Soulagement :Du Plomb dans la tête ne tient ni du pastiche, ni du bilan postmoderne. C’est un film de Water Hill, autrement dit, un travail de faiseur amoureux, d’expert en escogriffes rocailleux et en oiseaux de nuits. Chez lui, les vrais durs sont restés noctambules et lapidaires, depuis la noirceur néo-hollywoodienne deDriver. Noirceur qu’on allait bientôt voir se couler dans l’esthétique néon des années 80 (48 heures, Les Rues de feu). Sentir le vent tourner, se reconvertir en flairant l’air du temps, voilà la marque des artisans malins : Hill avait cette intelligence et cette force, utilisant les attentes et les cahiers des charges de chaque époque (facture, acteurs, genres, etc) comme toile de fond sur laquelle projeter ses marottes, sa mélancolie de brute épaisse, lisible dans les riffs d’harmonica salissants.

 

L’époque est dramatique pour les gens comme Hill. Précisément parce qu’elle n’a pas d’identité, de canons, plus généralement de souffle global auxquels se fier. Hollywood se préoccupe de vieilles mythologies, de vieilles formes – ou, au contraire, anticipe le futur. Le thriller nocturne, lui, s’est recyclé à la télé. Pas vraiment un inventeur de formes, Hill fait donc ce qu’il peut pour continuer, à l’intérieur du film d’action des années 2010’s (genre vaporeux, donc) ses rêves de luttes viriles entre habitués du bitume. Cette Nouvelle-Orléans ramène à son cinéma  las, doucement essoufflé, tout en restant loin de lui. Le matériau d’origine, une BD couillue signée du Français Matz, proposait pourtant une matière intemporelle (l’association du flic pas orthodoxe et du hitman solitaire en fin de parcours). Mais rien n’y fait : l’action reste mécanique, la faute sans doute à un script qui laisse peu de place à la contemplation des fonds de verres. Le film n’ose pas s’accorder ce sous-régime propre au polar, se force à embrayer rapidement, à emprunter des parures et des rythmes vaguement empruntés à l’actionner, mais le coeur n’y est pas.

 

Reste que Du Plomb dans la tête arrange un mariage qui semblait presque déterminé. Celui de Hill avec Stallone, évidemment, qui n’est pas une simple addition de puissances, ni un grand mix pop gratuit, mais une évidence qui trouve sa nécessité dans ce que l’un fait du personnage de l’autre. Pourquoi au fond caster Stallone, plutôt que n’importe quel autre vieux loup de mer ? Parce que le tueur est un prolétaire de l’ombre, associé à un petit flic sans pedigree, et que leur histoire est forcément celle d’une émancipation. Or Stallone et Hill ont tous les deux mené cette quête. Les scènes les plus vivantes sont hors de l’action : ce sont celles où les deux hommes montent leurs petites affaires, droits contre le bar ; celles où ils manigancent, échafaudent des plans, ou même patientent entre deux besognes, dans l’habitacle modeste de leur voiture, en ouvriers finauds, tandis que les encravatés des hautes sphères (policières ou criminelles) leur adressent leur mépris depuis les beaux bureaux.

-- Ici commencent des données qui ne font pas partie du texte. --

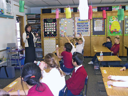 BOUNTIFUL — The St. Olaf fourth grade students in JaNeal Rodriguez’s class raised $1,119 for the Make-A-Wish Foundation of Utah. The money they raised helped John’s wish come true. John is 9 years old and he has a liver disease. He and his eight brothers and sisters went to Disney World in Florida. "The Make-A-Wish Foundation grants wishes for children with life-threatening illnesses, or medical conditions. This does not mean these children are going to die because some of the children whose wishes are granted do survive their illnesses," said Debbie Mintowt, director of Marketing and Development for the Make-A-Wish Foundation. "If the children qualify to have their wishes granted, it means they have something serious like cancer, cystic fibrosis, or they might need a heart or liver transplant. Some of the children have a really good chance of surviving." Mintowt said if getting a wish granted meant for sure these children were going to die, many parents would not want their children’s wish granted. They would not want to think their child was going to die. It would also make her job really hard and unbelievably sad. Make-A-Wish grants wishes to send a message to children, not to give them something material. The message is that the Make-a-Wish Foundation, together with the children’s family members and community, love and care about these children. Having wishes granted gives children hope, joy, and the strength to survive. There are four kinds of wishes Make-A-Wish grants: I wish to travel to…, I wish to meet…, I wish to have something, and I wish to be a…, which is a fantasy wish. Children are asked to declare three wishes in case the first wish cannot be granted, either because of the child’s health and the doctor will not authorize it, or it might be a wish they would not want to grant. For example, one child wished to hunt jungle animals. The foundation decided it would not be smart to give a child with a life-threatening illness a gun. So they did not grant that wish, but granted another wish he had requested. "Make-A-Wish is special for children who live in Utah or California because there is a foundation in these two states," said Mintowt. "The foundation in Utah only grants wishes for children living in Utah. Children who are eligible to make a wish are those with a life-threatening disease between the ages of 2 and one-half and 17 years." Mintowt read the students a story written and illustrated by Daxton, a 4-year-old boy who had a brain tumor and died four years ago. His wish was to go to Disneyland. His story is about himself as the superhero, cancer as the bad guy, and Capt. Chemo and Capt. Radiation as the good guys. Mintowt said all of the children for whom they grant wishes are superheroes because they all have to overcome going to the hospital when they are very sick and possibly have to stay for a long time. They have to undergo painful surgeries or treatments, and they must deal with knowing they might soon die. Daxton’s story shares the reality of what it is like to be really sick. Mintowt said even though Make-A-Wish grants wonderful wishes for children, being sick is not something you would want so you could have your wish granted. Most of us would prefer to be healthy. Rodriguez said the 21 students in her class raised the money by making crafts at home and in class. They sold the crafts to the other students in the school. The students planned on having a two-day sale, but sold out of items the first day. So that night Rodriguez and others had to make more items or get items donated. The sale was Dec. 15-16, and timely for Christmas gifts, stocking stuffers, and Christmas decorations. This started as a junior achievement service project in which the students were learning about businesses and companies. Once they chose where the money they raised would go, they named their business Merry Christmas to Make-A-Wish. Each student had his or her own company, which fed into the larger class company. The first day the students raised $600, and they only expected to raise a total of $300 for both days. Some of the items they made were snowman bookmarks, scarves, personalized ornaments, neck-roll pillow sets, and door hangers. The students thought of a project for themselves, and then the class compiled a list of what they needed, and the parents donated the supplies. The students learned from this project what it is to have a business, to advertise, and to make a product. They also learned about giving and why giving is so important.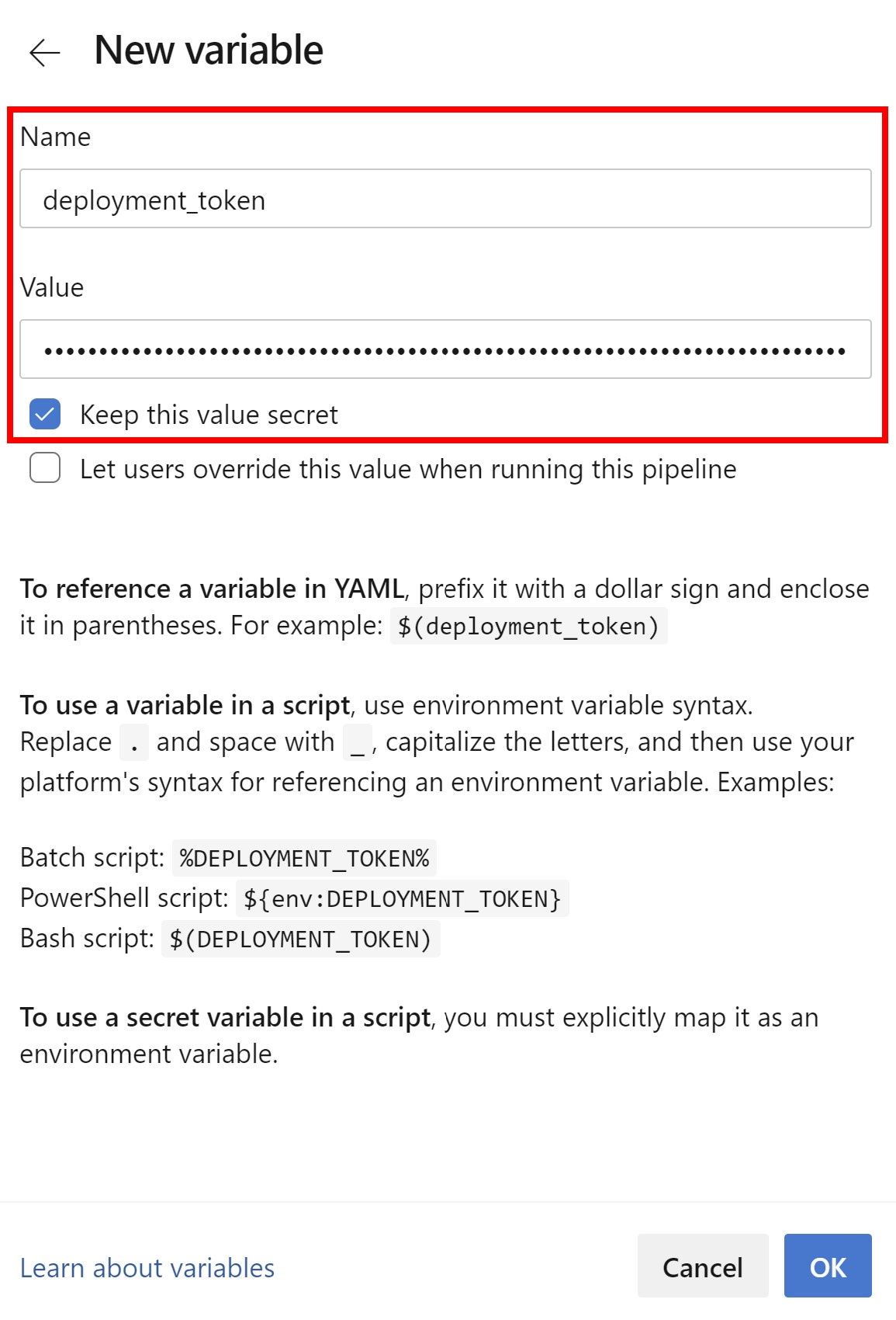 Before we kick off the pipeline, we need to add our Azure Static Web Apps deployment token as an Azure Pipelines variable. To do so, select Variables and create a variable called deployment_token (assuming that’s what you named the value of azure_static_web_apps_api_token). Finally, select Keep this value secret, then click OK.

Souvenons-nous de ce que fut Stallone : l’acteur américain du petit peuple, décidé à sortir de son rang, pas pour la gloire mais pour la démocratie. Question de principes. Balboa ne l’a jamais quitté – même s’il a ici largement gagné en cynisme individualiste. C’est ce corps en lutte qui resplendit dans le film, ce torse cuirassé, marqué de tatouages qui sont autant de lésions résorbées, de blessures faites à la mine, ou sur le champ de bataille. Ce corps, c’est presque celui de Bronson dans Le Bagarreur, le premier long de Hill, qui précisément racontait une tentative d’ascension en pleine vaches maigres, à la force des poings, un modèle de détermination prolétarienne à faire verdir 50 Cent. Et si Stallone devait encore réussir à incarner cette détermination, c’était en toute logique chez Hill. Bonne nouvelle, donc : la star sort du registre Expendables (Sly par Sly, en plein trip nostalgique) pour renouer avec sa spécialité première. Et se force, aussi, à jouer les salopards, talent qu’on avait un peu oublié chez lui. Un salopard pragmatique, mais tout de même un salopard juste : c’est plus fort que lui.